六十四岁?众人皆惊,如今的莫衣,光从容貌上来看,最多不过二十有余,怎会是那六十四岁的老人?就算再驻颜有术,也无法这样延缓时间的流逝。
“我的师父曾经和我说过,仙人境界有所不同,如今的我,只能算得上地仙。”莫衣束手,转过身背对着他们。
“地仙?”萧瑟眉头微微一皱。
“地仙,能改地上之事,不能改天上之命。”莫衣忽然伸出手,似乎想要触摸到天上的某件物事,“到那一步,我需要成为天上之仙。”
“先生,我们的这算是地上之事吧?”司空千落没有察觉出莫衣话语里的深意,只是害怕莫衣不肯治疗萧瑟,急忙说道。
莫衣收回手,点头:“自然。两个人我都能医,也都可以医。”
司空千落喜道:“那太好了。”
“只是,”莫衣转过身,望向萧瑟,眼神中笑意慢慢退去,“我有一个条件。”
司空千落顿时傻眼了:“神仙也会谈条件吗?”
“自然,我助你们成地上之事,你们帮我改天上之命。”莫衣缓缓说道。
萧瑟望着莫衣,问道:“你要改的是什么天命?”
“我想要让死去的人重新回到这个世界。”莫衣的眼神忽然就变了,那双原本淡漠的眸子忽然燃烧出了某种渴求,这种渴求让叶若依和萧瑟都心中一惊。
萧瑟皱眉道:“我们能帮你?”
“你应该还能活三日。”莫衣幽幽地说道,“三日之后,我会问你们要一样东西,你们给我,我就医好你。”
“什么东西?”萧瑟问道。
“到时候你们自然便会知道。
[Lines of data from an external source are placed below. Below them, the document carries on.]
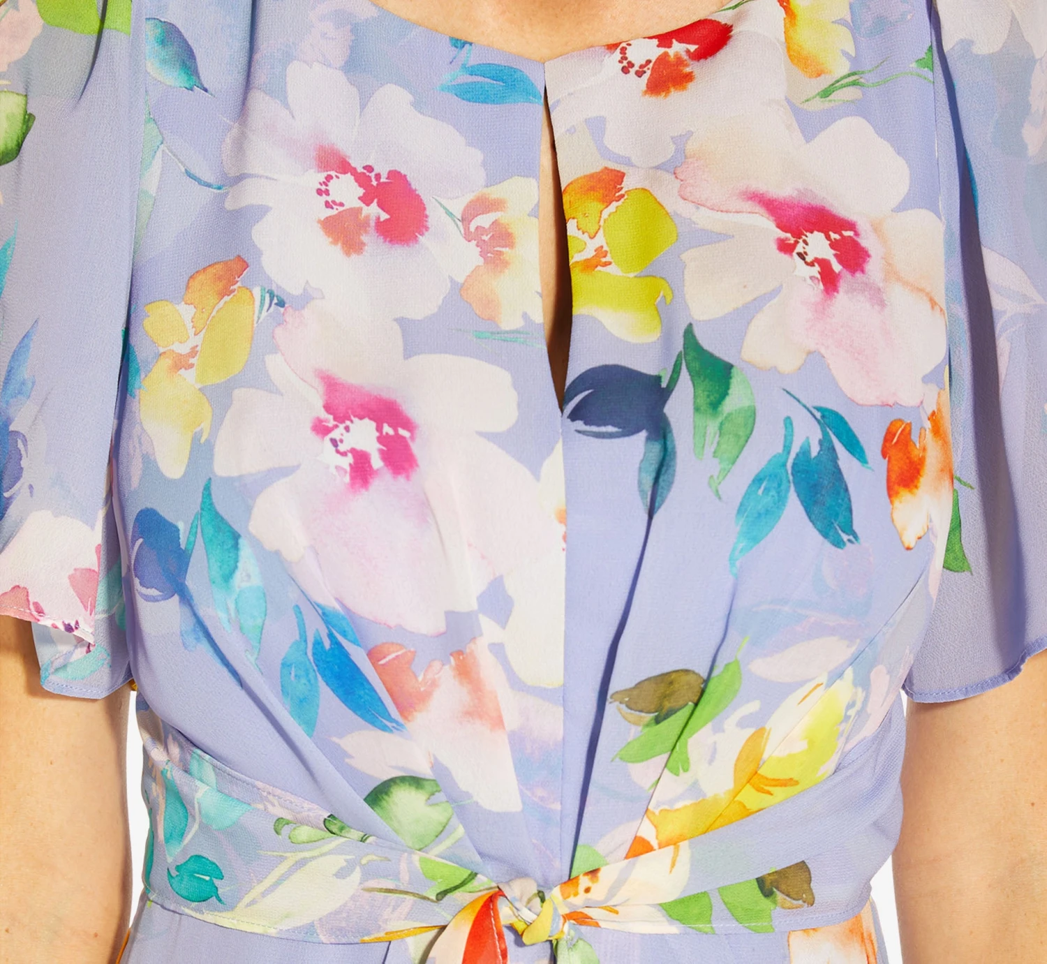 A romantic dress that will leave a special place in your heart. A lightweight and lighthearted woven chiffon dress in a feminine floral print is designed with a gathered ruched waist with self-tie belt (so flattering). Details we love: the clean bateau neckline, short flutter sleeves. Perfect for all your formal occasions and wedding receptions.
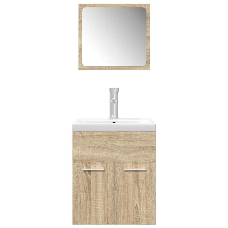 Комплект шкафове за баня от 3 части дъб сонома инженерно дърво
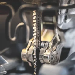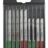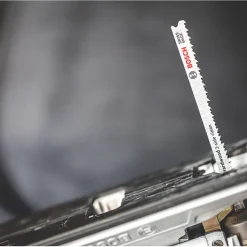 Offers a tear-free cut on both sides with counter-directed teeth. Made from a bi-metal strip of high-speed steel bonded onto a flexible steel blade giving strength and flexibility. Robust enough to cut laminated chipboard kitchen tops or hardwood. Ideal for accurate angle tear-free cuts.
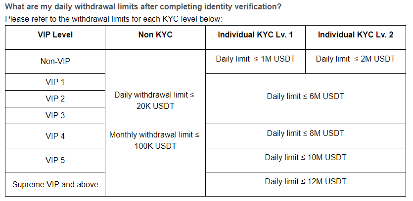 Depending on their degree of VIP status, users that successfully completed level one KYC on Bybit could have a withdrawal limit between 1 million USDT and 12 million USDT. According to Bybit:

”莫衣笑着向前走去,似乎已经打算离开了。
“莫衣先生!”唐莲急忙唤道,伸手想要去拦他。
却见莫衣白衣一闪,他的身影已经站在了唐莲的身后:“何事?”
“莫衣先生,你可曾见过我的师父?我师父是百里东君,很多年前他曾来过这里,一年前他离城而去,说想再去一趟海外仙山求一味酒引,不知先生可曾见过我师父?”唐莲抱拳道。
“百里东君,是的,很多年前我曾见过他。他是个很有意思的人,酿的酒很好喝。但是那次一别之后,他就再也没有来过了。他或许骗了你们。”莫衣淡淡地说道。
“什么?”唐莲万万没想到竟然会得到这样一个答案,大惊道。
莫衣却若无其事地大袖一挥,忽然就从阁楼内消失了。可是人影虽然消失了,声音却犹在:“三日之后,我给你全新的体魄,你们给我想要的东西。”
莫衣走后,雷无桀愤慨道:“这是哪门子的仙人?还要和我们做交易?”
萧瑟摇头:“就算你去庙里拜佛求保佑,也需要烧上三炷高香,更何况求仙人相助,自然也要付出相应的代价。只是我很好奇,我们身上有什么东西,能够被仙人需要?”
唐莲摇头道:“我有个想法。”
“什么想法?”众人问道。
“我觉得比起传说中的神仙,他更接近于我们江湖人谈论更多的一种境界。”唐莲说道。
众人相视一眼,同时脱口而出:“神游玄境?”
神游玄境,可静坐闭目,神思畅游万里之外,乃是在逍遥天境之上的一品至高境,连酒仙百里东君都未曾到达这个境界。而莫衣的御风而行、瞬息而移的身法,的确与传说中的神游玄境很相像。
“不管是神仙也好,神游玄境也好。”司空千落嘟囔道,“我总觉得这个莫衣,有点怪怪的。”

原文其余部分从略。